Son administration l’a signalé. En janvier, le porte-parole en chef du Pentagone, John Kirby, a déclaré que la violence des talibans contre les Afghans et le maintien des liens avec Al-Qaïda jettent le doute sur le départ prévu des États-Unis en mai, et le New York Times a rapporté cette semaine que le département de la Défense avait demandé plus d’options militaires pour le pays. – y compris une augmentation des effectifs.

Les responsables administratifs et les experts me disent que l’équipe de Biden est profondément engagée dans son examen de la politique en Afghanistan. Certains craignent que ce soit un processus laborieux qui pourrait se prolonger jusqu’au 1er mai. «Ils semblent assez déterminés à prendre leur temps», a déclaré Watkins, International Crisis Group. Pendant ce temps, deux responsables américains m’ont dit que l’examen était presque terminé, bien en avance sur le calendrier.

Pourtant, le fait que l’examen ne soit pas terminé peut expliquer pourquoi les talibans ont publié mardi une lettre faisant pression sur les États-Unis pour qu’ils sortent le plus tôt possible. «L’émirat islamique d’Afghanistan est conscient de ses obligations, les autres parties doivent également s’acquitter de leurs propres obligations», lit-on dans la déclaration du mollah Abdul Ghani Baradar Akhund, chef du bureau politique des talibans, en utilisant le nom préféré du groupe pour son organisation politique.

Bien sûr, Biden fait face à une décision presque impossible.
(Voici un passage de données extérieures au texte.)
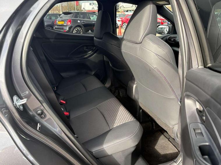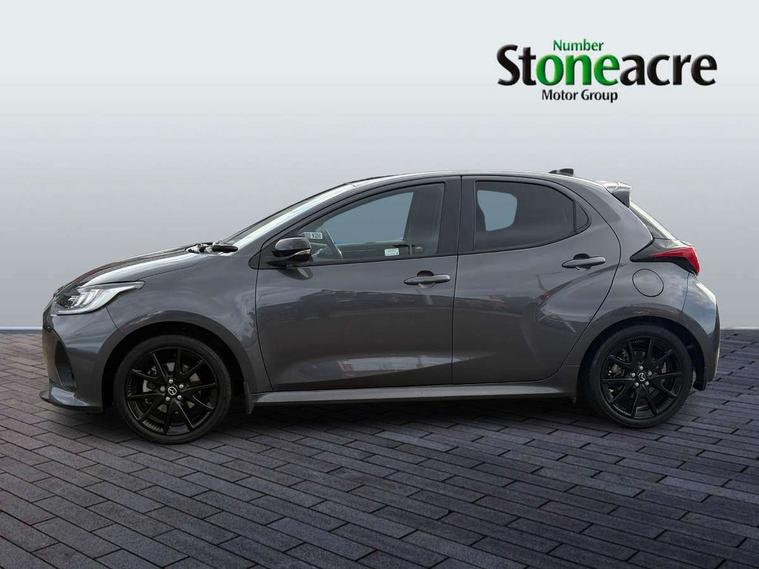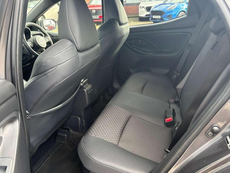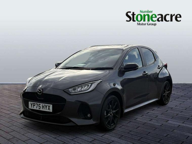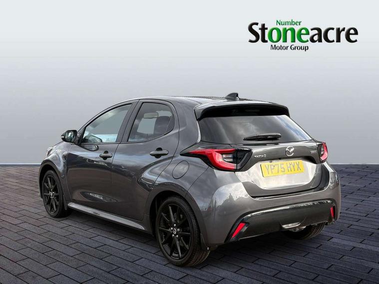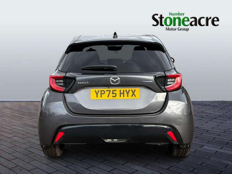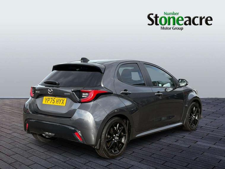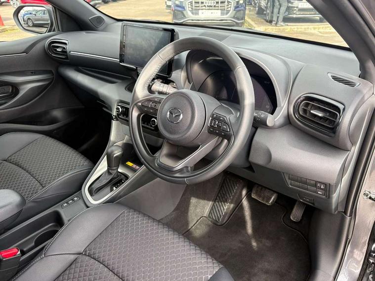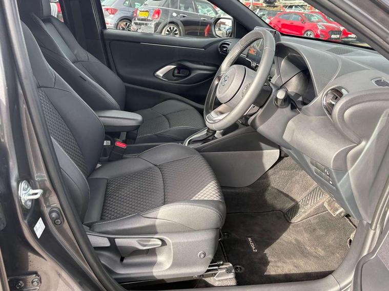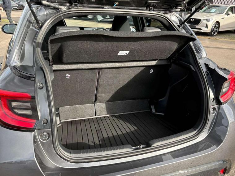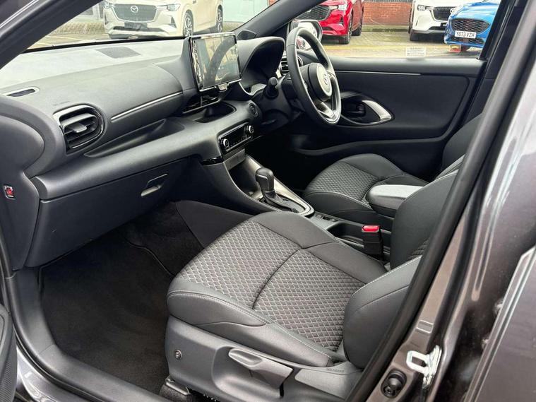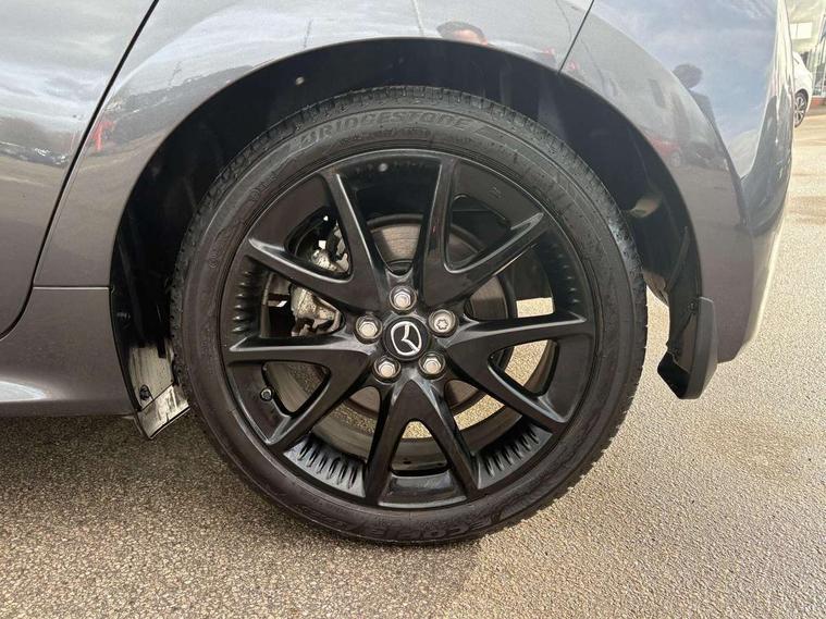7" Digital instrument cluster with speedometer and hybrid system indicator, Adjustable speed limiter, Drive mode selector (Eco, Normal and Power), Driver attention alert system, Dynamic radar cruise control, E-call with GPS, EV drive mode, Front and rear parking sensors, Integrated bluetooth, Lane tracing assist includes Lane centering, Lane departure alert, Steering assist and Vehicle sway warning, Multi-information display, PAS, Push button start and stop, Qi wireless charging, Rear cross traffic alert with auto braking, Reversing camera, Road sign assist - RSA, Service indicator, Tailgate, Trip computer, Wireless Apple CarPlay and wired Android Auto, i-stop, 6 speaker audio system and 9" colour screen centre display, DAB Digital radio, Steering wheel mounted audio/bluetooth controls, USB type C port, Auto dimming rear view mirror, Auto folding door mirrors, Automatic high beam - AHB, Body coloured front bumper, Body coloured rear bumper with gloss black lower mouldings, Coming home function, Dusk sensing headlights, Front and rear electric windows, Gloss black electric adjustable/heated door mirrors, Gloss black front grille, Gloss black rear roof spoiler, Hybrid badge, LED front fog lights, LED headlights with manual headlight levelling and LED daytime running lights, LED rear combination light with LED turn signals, LED third brake light, Mazda unique tailgate garnish, Piano black lower window garnish, Privacy glass in rear side and rear windows, Rain sensing front wipers with adjustable sensitivity and speed, Rear side wing doors, Rear wash wiper, Shark fin antenna, Welcome lighting, 12V power outlet, 3 seat bench in 2nd row, 60/40 split fold down rear seats, Ambient lighting, Black roof lining in pillar and ceiling, Cloth/Synthetic leather upholstery, Driver, front passenger and two rear door storage, Driver, Front passenger and two rear grab handles with coathooks, Drivers seat manual slide recline and height adjustment, Drivers/front passengers with covered vanity mirrors and light, Dual zone climate control, Front centre armrest with console storage, Front head restraints, Front passenger seat manual slide, recline and height adjust, Front sport seats, Glovebox, Interior courtesy light with LED illumination, ISOFIX child seat anchorage points attached on outer rear seats, Leather handbrake, Leather wrapped gearshift, Leather wrapped steering wheel with telescopic and tilt adjustment, Luggage compartment light, Seatback pocket at rear of the front passenger seat, Single front passenger seat, Three height adjustable rear head restraints, 2x3 point front seatbelts with pre-tensioners, 3 point seatbelts on all rear seats, Airbags - driver and front passenger, Anti-lock braking system (ABS), Blind spot monitoring with rear cross parking support brake function, Collision mitigation braking system, Driver and passenger central airbags, Dynamic stability control + Traction control, Electronic parking brake with auto-hold and auto-disengage function, Emergency brake light signal (EBS), ESP, Front and rear curtain airbags, Front passenger airbag cut-off switch, Front side airbags, Hill start assist control (HAC), Manual child lock in rear doors, Pre-crash safety system - PCS, Rear parking support brake, Regenerative braking system, Seatbelt reminder audible warning, Tyre pressure monitoring system, Deadlocking system, Remote central locking, Smart keyless entry, Thatcham approved immobiliser and alarm, 17" Alloy wheels, Emergency tyre repair kit,

S’il s’engage en faveur du retrait, de nombreux analystes craignent que les talibans exploitent le vide qui en résulte pour pousser à une nouvelle prise de contrôle complète du pays. Le New York Times rapporte que le groupe d’insurgés a pris des avant-postes militaires à l’extérieur des grandes villes comme Kunduz et Kandahar, peut-être en préparation d’un tel combat.

Mais si Biden choisit de garder les troupes américaines dans le pays, il est probable que les États-Unis verront plus d’Américains tués, s’ajoutant aux 2400 déjà perdus depuis que les États-Unis ont envahi le pays en 2001. De plus, violer les termes de l’accord États-Unis-Taliban pourrait mettre fin à toute chance de paix à court terme. «Cela pourrait être un moment déterminant pour une génération chez les talibans où ils décident que parler n’en vaut pas la peine», m’a dit Watkins.

Il y a d’autres questions qui seront soulevées lors de la réunion de l’OTAN cette semaine, et des discussions pourraient éclairer ce que Biden fera. Mais l’échéance imminente pourrait inciter l’administration – et le président en particulier – à donner la priorité à la politique afghane plus qu’elle ne l’a déjà fait.